All News 14:22 June 19, 2017

SEOUL, June 19 (Yonhap) -- The South Korean Olympic chief is running for a seat on the International Olympic Committee, an official with the top national sports body said Monday.

Lee Kee-heung, president of the Korea Sport & Olympic Committee (KSOC), submitted his candidacy documents to the IOC's Members Election Commission on Friday, according to the official with the KSOC.

The Members Election Commission will review candidates' qualifications and narrow down the list for the IOC's Executive Board meeting starting July 9 in Lausanne, Switzerland. The Executive Board will then finalize the list of candidates who will be put to a vote during the IOC Session beginning Sept. 13 in Lima, Peru. The successful candidate must win the majority of the votes cast.

On June 8, the KSOC decided to begin the process for naming a candidate for IOC membership.

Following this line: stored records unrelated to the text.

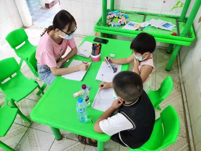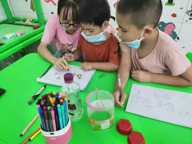 志愿者和孩子们画画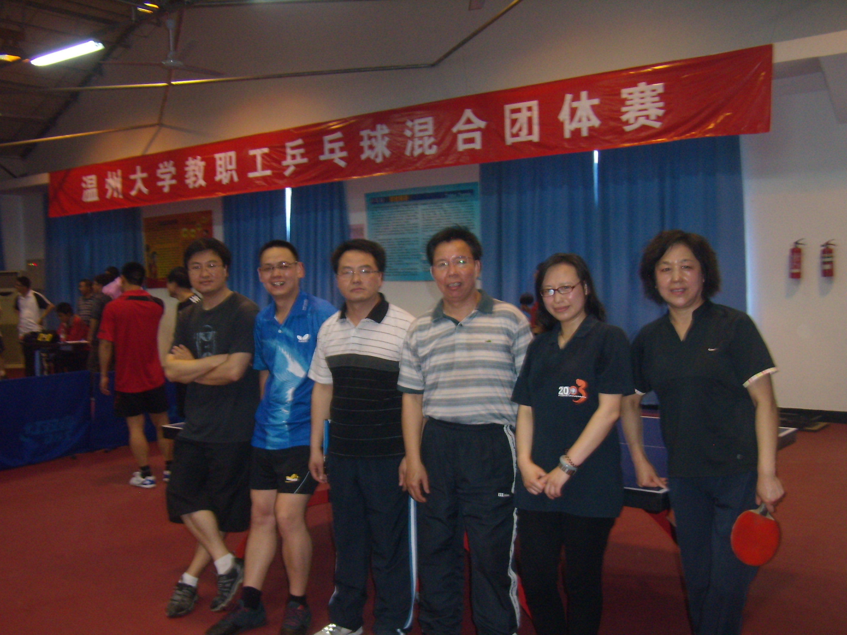 5月7-8日,2011年金沙集团1862cc教工乒乓球混合团体比赛在学院路校区的乒乓球馆举行。共有来自20只代表队的近两百名选手参加比赛。金沙官网乒乓球队由周剑平书记、丁治民院长和孙良好、陈勇、顾维杰、李冰等老师组成。在小组赛中,金沙官网代表队先后以3:1战胜党群科研联队和化材学院,3:2力克小组种子对后勤集团,2:3负于上届冠军教育学院,以小组第二晋级。在第二阶段的1/4淘汰赛中,金沙官网代表队与A组第一团学图书馆联队打满5盘,最终以3:2力挫对手,晋级四强。虽然在半决赛中1:3负于最终获得冠军的成教学院,季军之战中再以2:3负于教育学院,但第4名已是金沙官网教工乒乓球队取得的历史佳绩。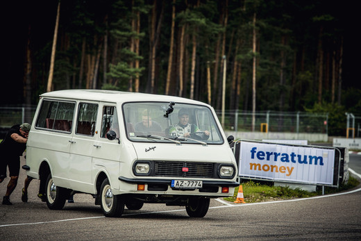 Sacīkstes sākās ar aizraujošu dueli ar elektrokartingiem, kurā pārāks izrādījās Baumanis. Pēc tam sekoja pārsteigums abiem sportistiem – stafete ar leģendāro mikroautobusu Latvija, ar kuru trasē bija jāsavāc savi komandas biedri un pēdējie 30 metri auto jāstumj līdz finišam.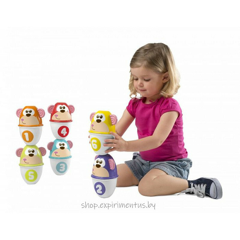 | Комплектация | 6 разноцветных кеглей-обезьянок; шар |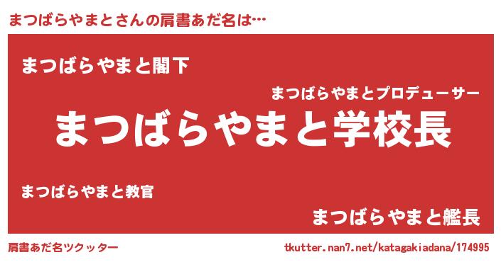 | 男性向けラノベタイトル風あだ名 | 『ノーゲーム・ノーマツバラヤマト』 |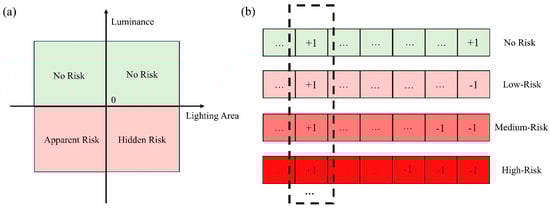 Through the above multi-period continuous threshold judgement method, we objectively classify counties as expanding, shrinking or stable. To further assess their risk of returning to poverty, we adopt a dual-tiered risk assessment framework from overall characteristics. Firstly, we use the NTL expansion area and luminance of each county during the study period to make judgements on the overall development pattern, and categorize them according to four patterns (Figure 3a): I. Both area and luminance are growing: this type has good economic development, and there is no risk of returning to poverty; II. The area is shrinking but luminance is increasing: this type is in the stage of smart growth, and there is no risk of returning to poverty; III. The area and luminance are showing a decreasing trend: this type shows obvious characteristics of economic decline, belonging to the apparent poverty return risk; IV. Area expansion but luminance decline: this type shows that economic development depends on area expansion, belonging to the hidden poverty return risk. By judging the risk patterns of the counties in the study area, we further use the time-series data of poverty assessment to classify the risk of returning to poverty. A county is considered to be of the type with a risk of returning to poverty if it appears to have a shrinkage mark (−1) after being marked as expanding in one period (+1) and fails to recover the expansion mark (+1) by the last period. In this case, we use the number of times a county has been marked with a shrinkage mark to classify the risk level, i.e., the more shrinkage, the higher the risk of returning to poverty.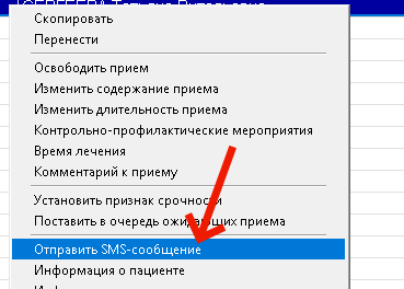 Для отправки сообщения пациенту, необходимо нажать на нем ПКМ и выбрать пункт "Отправить SMS-сообщение"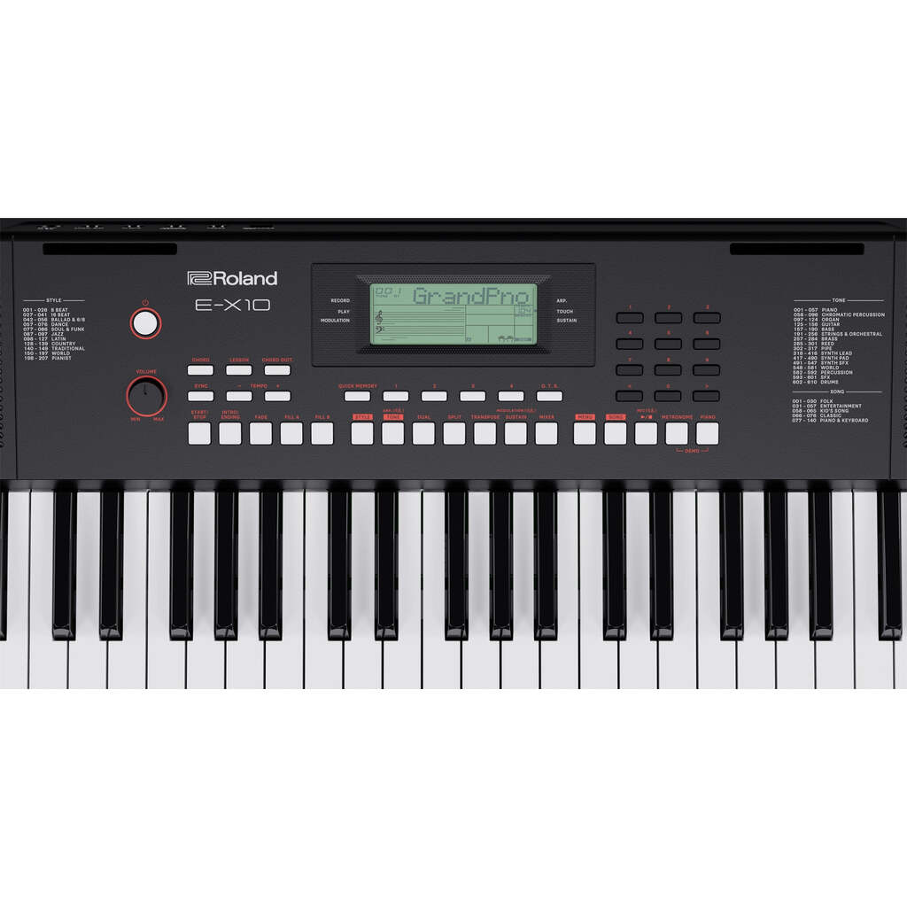 Launch your musical journey with the E-X10, an inspiring starter keyboard with quality features derived from professional Roland instruments. Have fun as you learn with expressive acoustic pianos and hundreds of other sounds. Command a full band with auto-accompaniment and connect a mic to sing along. Record keyboard performances to check your progress. And play anywhere with the sleek portable design, onboard stereo speaker system, and support for battery-powered operation.

During its board of directors meeting, KSOC officials sought to nominate Lee as the candidate.

In this file photo taken May 10, 2017, Lee Kee-heung, president of the Korea Sport & Olympic Committee, gives a speech during a dinner reception for the 80th Congress of the International Sports Press Association in Seoul. (Yonhap)

Lee said it was premature to decide on the candidate without first consulting with former IOC members from South Korea and conducting careful reviews of all potential candidates. Barely a week later, Lee ended up filing for candidacy after all.

Strengthening sports diplomacy has been a pressing issue in South Korea, especially as the country prepares to host the PyeongChang Winter Olympics next February with just one active IOC member on hand.

Samsung Electronics Chairman Lee Kun-hee has been an IOC member since 1996. But he has been hospitalized since May 2014 and remains unable to function in any IOC capacity.

Former Olympic table tennis gold medalist Ryu Seung-min, elected to the IOC's Athletes Commission last year, is the only active IOC member from South Korea. Members of the commission enjoy the same rights as other IOC members, but they serve one eight-year term. IOC members are also elected for eight years and their mandates can be renewed.

There are currently 95 members from 67 nations. IOC candidates may be one of the following: an individual member, an active athlete or a person with an executive or leadership function within an international sports federation or a national Olympic body.

Lee Kee-heung, 62, is a veteran sports administrator. He has led the South Korean governing bodies for canoe and swimming, and was the chef de mission for the 2010 Guangzhou Asian Games and the 2012 London Olympics.